Combien de jours de congés ont les employés japonais ?

travailleurs employés en costume japonais marchant dans le métro vers le travail japon congés payés

Le Japon est un pays où le travail est primordial afin d’être bien vu dans la société. Bien qu’ils aient le droit à des jours de congés payés, la plupart des travailleurs japonais ne les prennent pas, pour plusieurs raisons…

La place du travail au Japon

Au Japon, le travail est primordial pour se faire une place dans la société. Donc, plus on travaille, plus on a l’impression d’être reconnu socialement car on n’est pas perçu comme un paresseux. D’ailleurs, les salariés japonais n’hésitent pas à enchainer les heures supplémentaires afin de pouvoir garder leur poste au sein d’une entreprise.

C’est pour cette raison que les salariés japonais ne prennent, en moyenne, que la moitié de leurs congés payés autorisés par an. Ce qui, d’ailleurs, mène chaque année, 200 travailleurs japonais au « Karoshi » (mort au travail) suite à un arrêt cardiaque dû à leur stress et à leur surmenage.

Combien de jours de congés peuvent prendre les travailleurs japonais ?

Les jours de congés sont peu utilisés au Japon

En 2017, les travailleurs japonais devaient avoir au minimum 10 jours de congés payés annuellement. En réalité (bonne nouvelle), en fonction de leur contrat de travail, les japonais disposent en général de 18,5 jours de congés payés annuels, selon une étude du Ministère du Travail au Japon.

Mais les employés japonais ayant peur de perdre leur emploi ou d’être mal perçus par la société, ne prennent que 9 jours de congés payés par an… seulement !

D’ailleurs, les salariés japonais n’utilisent généralement pas ces jours de congés payés pour se relaxer en vacances, non ! Ils les utilisent plutôt pour les jours de maladie. Autant vous dire que les vacances ne sont pas encore ancrées dans la culture des travailleurs nippons.

Le gouvernement japonais s’inquiète pour ses salariés

Actuellement, l’état japonais s’inquiète des centaines d’employés morts au travail, suite au stress chronique, à la fatigue et à l’épuisement physique et psychologique. Il souhaite donc mettre en place dans les entreprises, l’obligation pour les salariés de prendre leurs jours de congés payés annuels.

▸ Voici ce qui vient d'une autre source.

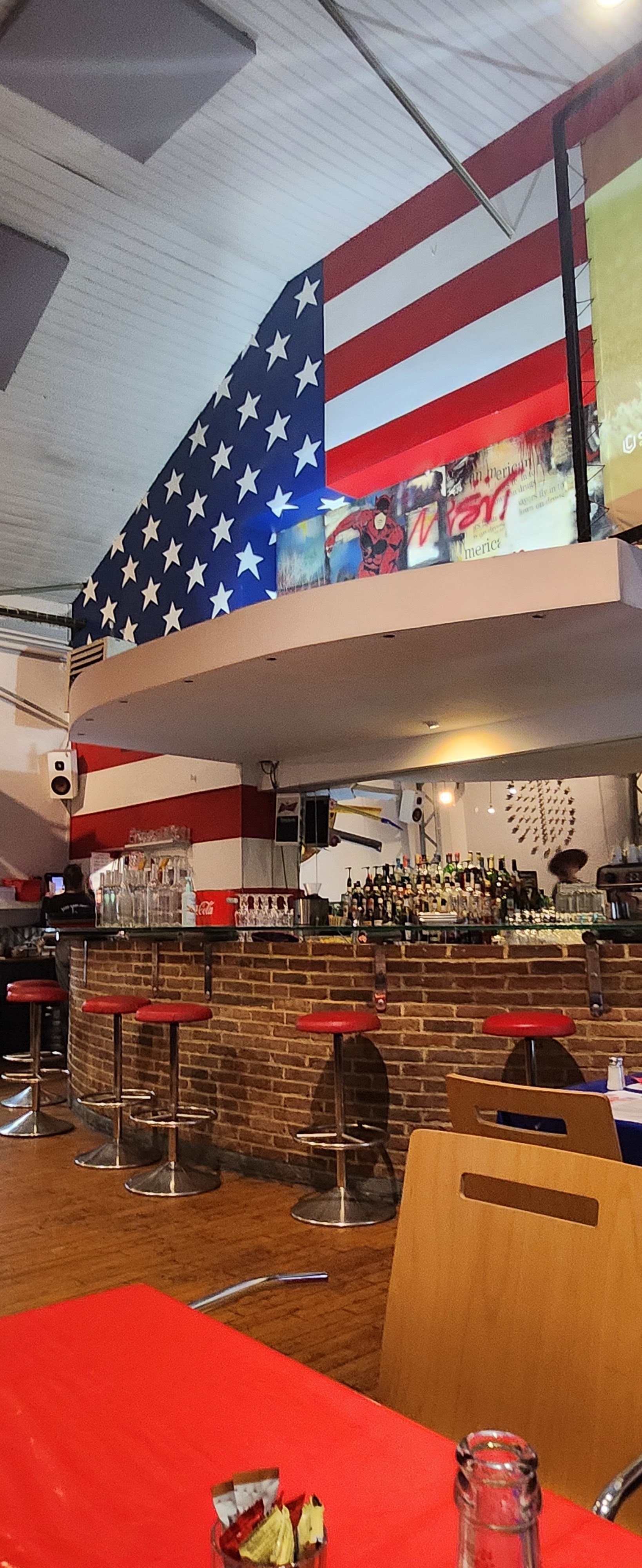 Restaurant qui tient bien son nom, autant dans la décoration que dans les plats. Avion, télé, drapeau, style américain du sol au plafond ! Service rapide, bon rapport qualité/prix vue la quantité dans les assiettes. Petit bémol, la terrasse entre la circulation et le trottoir qui peut géner certain.

Avec 10 jours de congés payés par an (sur une base de 5 jours par semaine), les japonais se placent en avant-dernière place, sur une base de 9 pays comparés. Le Japon se situe devant la Chine qui n’a que 5 jours de congés payés par an, ainsi que devant l’Inde qui se place en dernière position avec 0 jour de congé payé par an.

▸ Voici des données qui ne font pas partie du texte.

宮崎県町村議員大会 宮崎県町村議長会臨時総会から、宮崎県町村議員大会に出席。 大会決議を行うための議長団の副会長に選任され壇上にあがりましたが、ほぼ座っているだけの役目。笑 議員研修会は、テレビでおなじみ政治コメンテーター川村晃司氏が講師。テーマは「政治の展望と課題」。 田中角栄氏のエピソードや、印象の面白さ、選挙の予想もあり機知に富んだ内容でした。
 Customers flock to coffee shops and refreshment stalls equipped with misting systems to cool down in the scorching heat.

D’ailleurs, le 1er ministre Shinjiro Koizumi a essayé de faire progresser la situation d’une manière peu commune…

salariés employés japonais traversant la route aux heures de pointe à Tokyo au Japon
Heure de pointe à Tokyo au Japon

Les congés paternité au Japon

Un congé très rarement pris par les travailleurs japonais

Le premier ministre Shinjiro Koizumi a pris 2 semaines de congé paternité suite à la naissance de son nouveau né. Ceci parait anodin, mais au Japon, très peu de nouveaux pères prennent leurs congés paternité. Il considèrent que c’est à la mère de mettre de côté sa vie professionnelle (parfois même d’abandonner sa place dans la société) lors de la naissance de leur bébé. D’après certains sondages, un tiers des femmes renoncent à leur carrière afin de se consacrer à l’éducation de leurs enfants.

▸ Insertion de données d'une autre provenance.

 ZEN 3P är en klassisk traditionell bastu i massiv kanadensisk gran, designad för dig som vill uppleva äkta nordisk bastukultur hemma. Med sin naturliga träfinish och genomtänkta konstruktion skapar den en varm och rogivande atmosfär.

Un congé vu d’un mauvais œil dans la culture japonaise

En 2018, seulement 6% des pères ont pris un congé payé suite à la naissance de leur enfant. Dans la société japonaise, il est très mal vu pour un homme de prendre un congé parental. Ayant peur d’être déshonorés, les papas ne prennent donc pas leur congé parental. Ceci équivaudrait pour eux à prendre le rôle qu’ils assignent à la femme dans le foyer.

De plus, les hommes de la vieille école déclarent ne pas aimer quitter leur emploi dans le but d’effectuer des tâches ménagères, qu’ils considèrent destinées aux femmes.

Paradoxalement, l’Etat japonais offre 1 an de congé parental aux hommes comme aux femmes lors de la naissance d’un nouveau-né. Ceci est d’ailleurs une durée très généreuse, comparé à la majorité des autres pays du monde.